I was thinking about this and I am wondering whether allowing lowly expressed genes to carry on as 'passengers' through the data analyses would cause problems. For example, in my own sequencing libraries, the depth of sequencing is highly variable across the libraries. I have a time course of data, with no replicates at each time point (I didn't design the experiment, just inherited the data), as follows:

Day 03: 28,523,795 pairs
Day 05: 18,110,358 pairs
Day 08:  3,482,488 pairs
Day 13: 11,599,744 pairs
Day 22:  5,284,506 pairs

My concern is that the variability in sequencing depth will result in the apparent differential expression of some lowly expressed transcripts. Whereas in reality they are simply not detected in the libraries with lower sequencing depth. But then if I'm trying to do GO term enrichment analysis, and all of these lowly expressed genes are showing up as significantly differentially expressed, mightn't they confound the apparent GO term enrichment?

At least in my case, it seems like the better option for me is to filter out the transcripts with very low read support and focus on a subset of more highly represented transcripts. Not to say that there aren't lowly expressed transcripts with significant biological function, but I feel like the noise from sequence depth variability at those low expression levels could mask the important transcript expression level changes.

On the other end of the spectrum, I've also found that most of the highly expressed transcripts (25 out of top 30) in my initial assembly are rRNAs. Thus to improve the quality of my assembly and abundance estimation, I am using Bowtie to filter out all the reads that align to the reconstructed rRNA transcripts. I will then use the rRNA-free libraries to do another assembly and abundance estimation. My results show approximately 5% rRNA contamination in the Day 3, 5, 8, and 13 libraries, whereas the Day 22 library had roughly 30% rRNA contamination.

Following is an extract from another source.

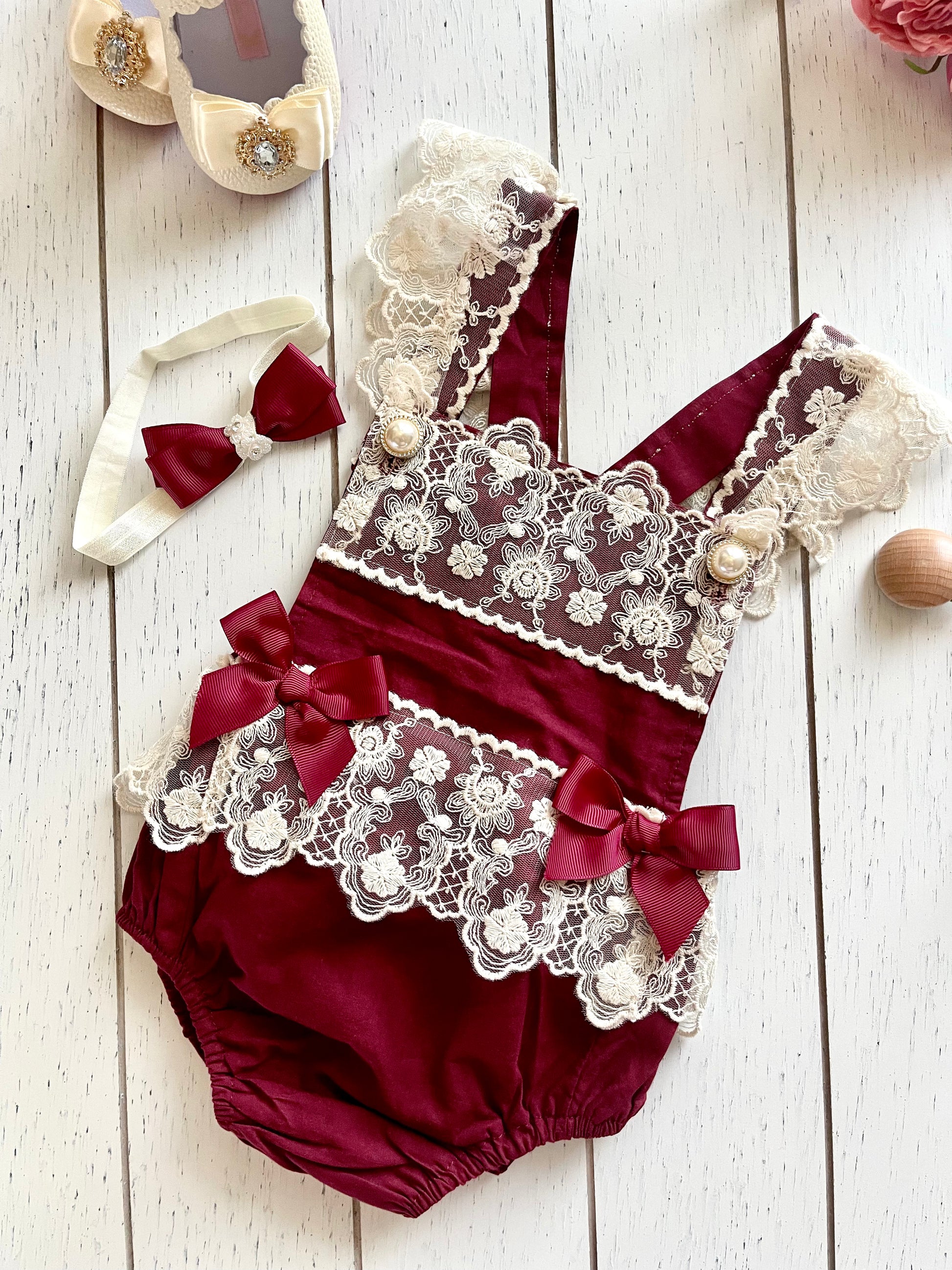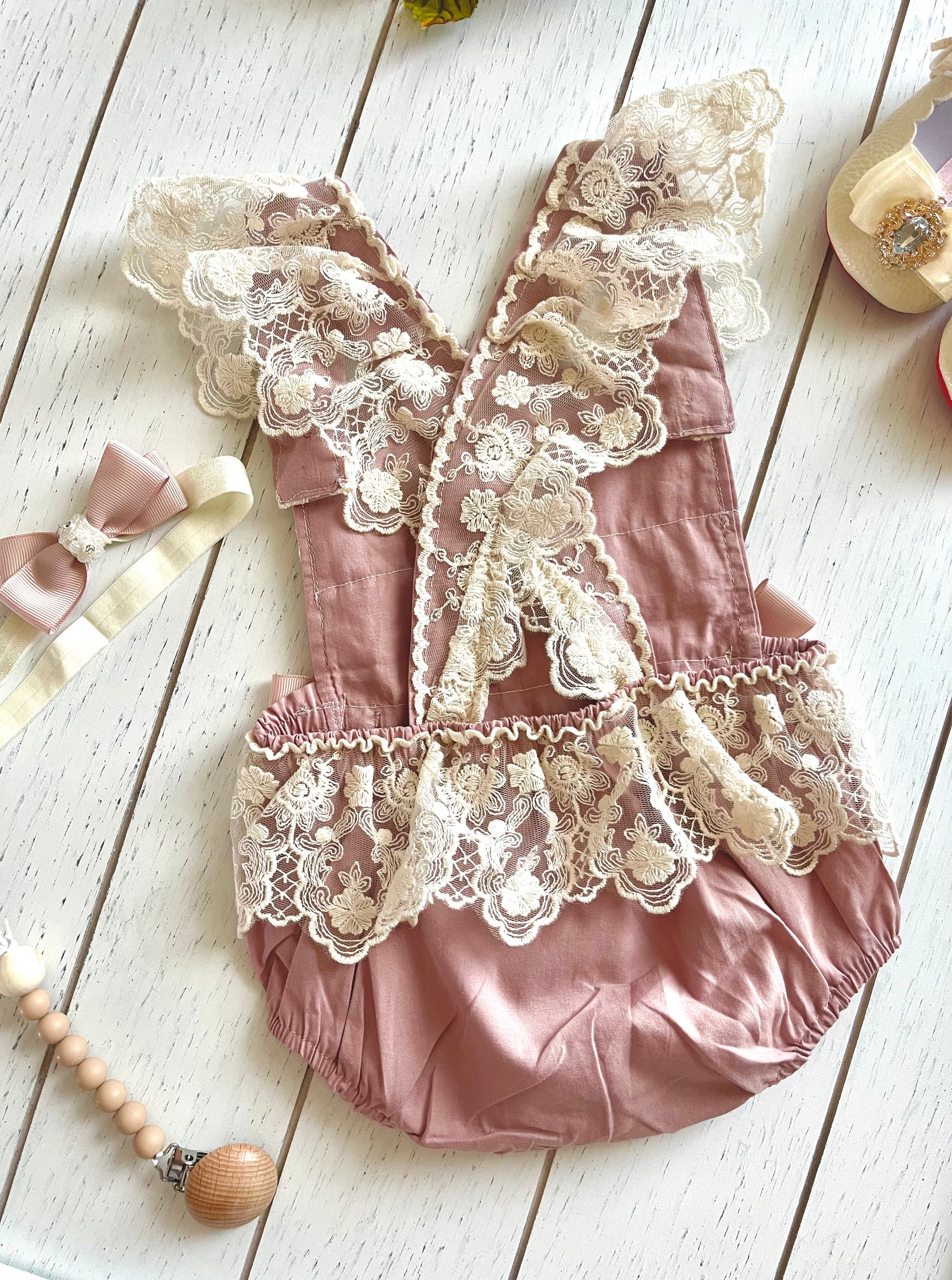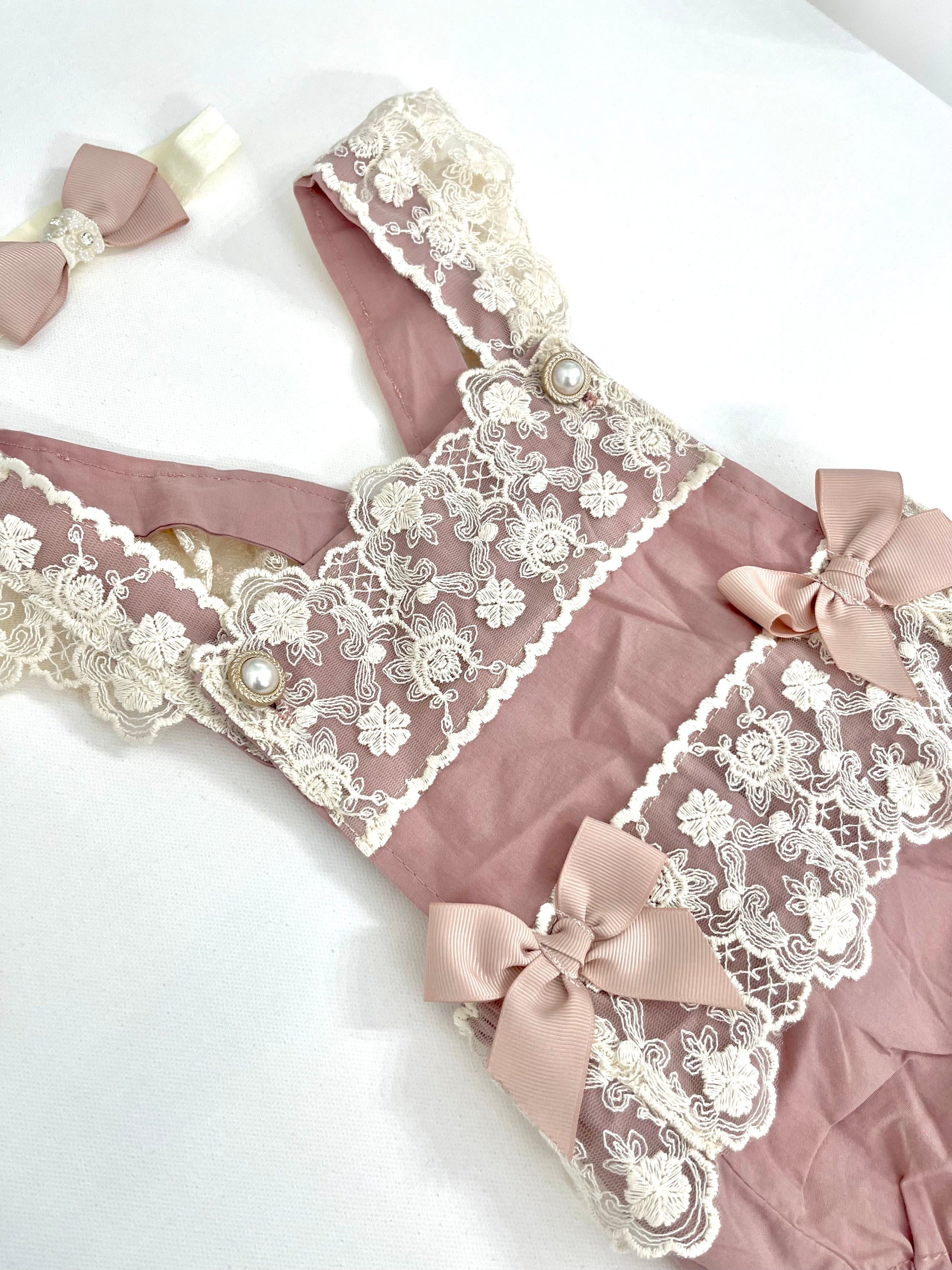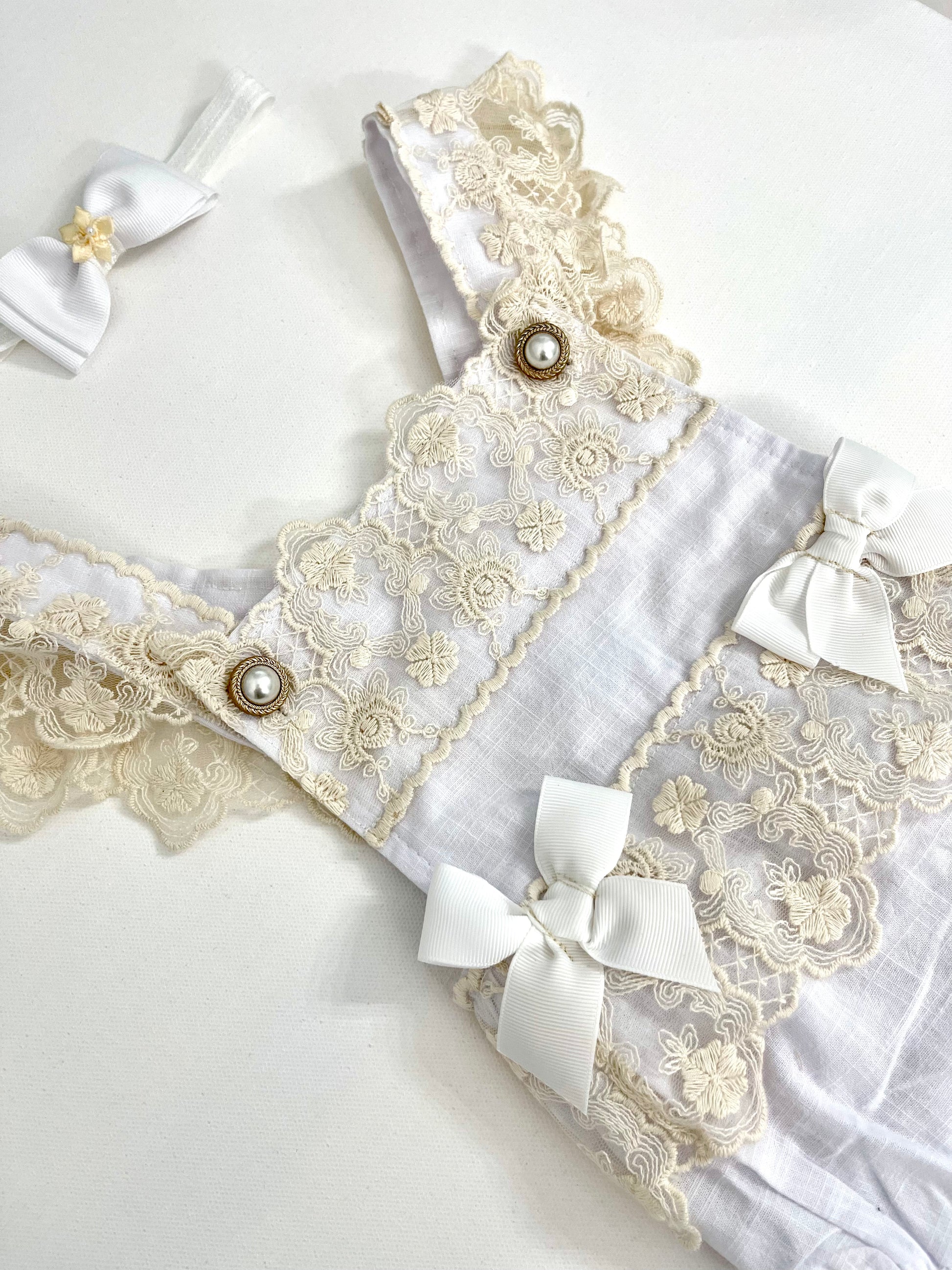 Lacey Ruffles Pearl Buttons & Bows Girl Romper Overalls
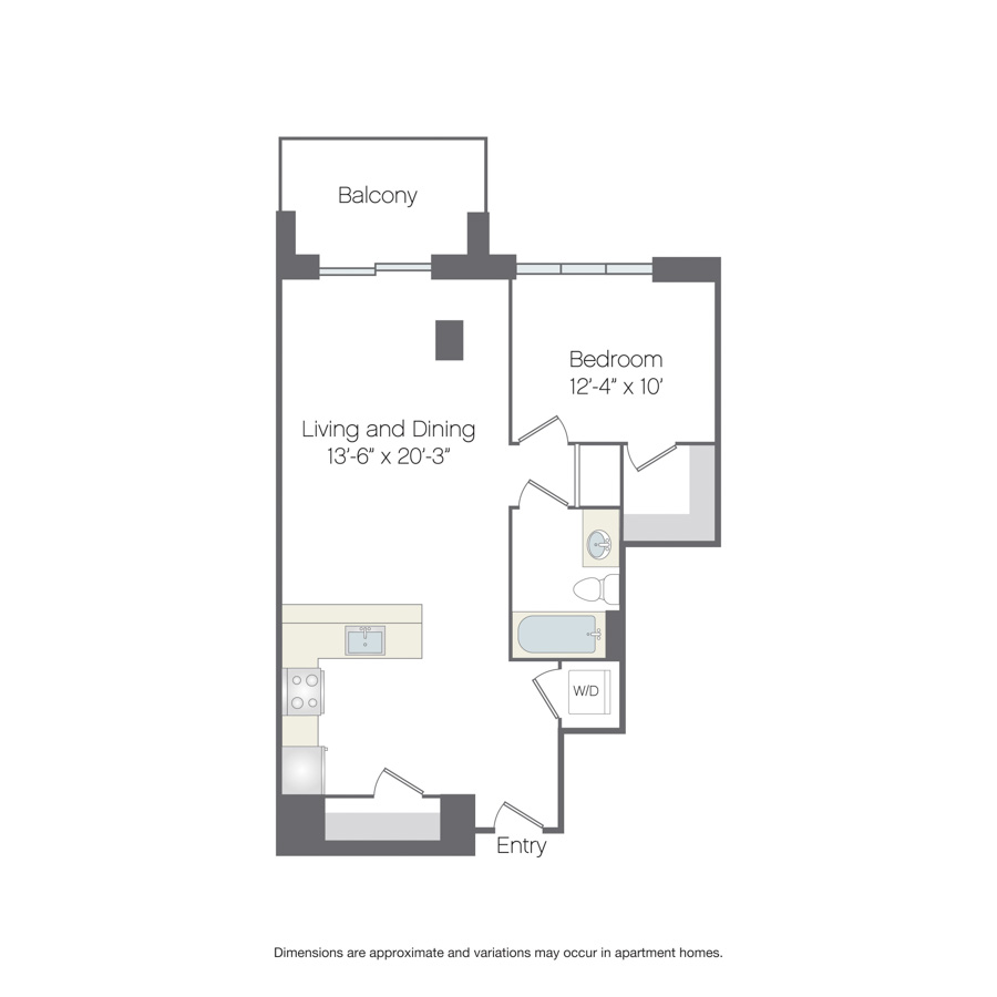 This one-bedroom, one-bath apartment home features an open-concept kitchen with ample counter space and opens to a large entertaining/dining room. The bedroom contains a spacious closet. The home includes an in-home washer and dryer and private balcony.

Would be great to have your thoughts on these matters.

Thanks,
Dan

 

[Brian Haas]

Hi Dan,

Very excellent points.

If you have very different read depths among your set of samples, then you will be over-powered for detecting 'upregulated' transcripts in that sample.  I'm not exactly sure how the different DE analysis tools are going to handle this.... some might handle it better than others.   I have some ideas on how to handle it, but I don't have the mathematics/statistics background to be sure that it wouldn't be the wrong thing to do.  Someone else on the list can comment on the best approach.   Ultimately, I think it should be the DE process that properly handles all the logic here, and if the read depths are skewed to the point of this sort of artifactual DE result showing up, then it would adjust accordingly.

If rRNA differences are showing up as key DE differences, they're easy enough to discard.  Preemptively filtering rRNA reads is certainly a useful thing to do, though it's not a requirement.    Also, most DE analysis methods have a way of doing cross-sample normalizations, so excess rRNA or other compositional differences are accounted for (ie. TMM).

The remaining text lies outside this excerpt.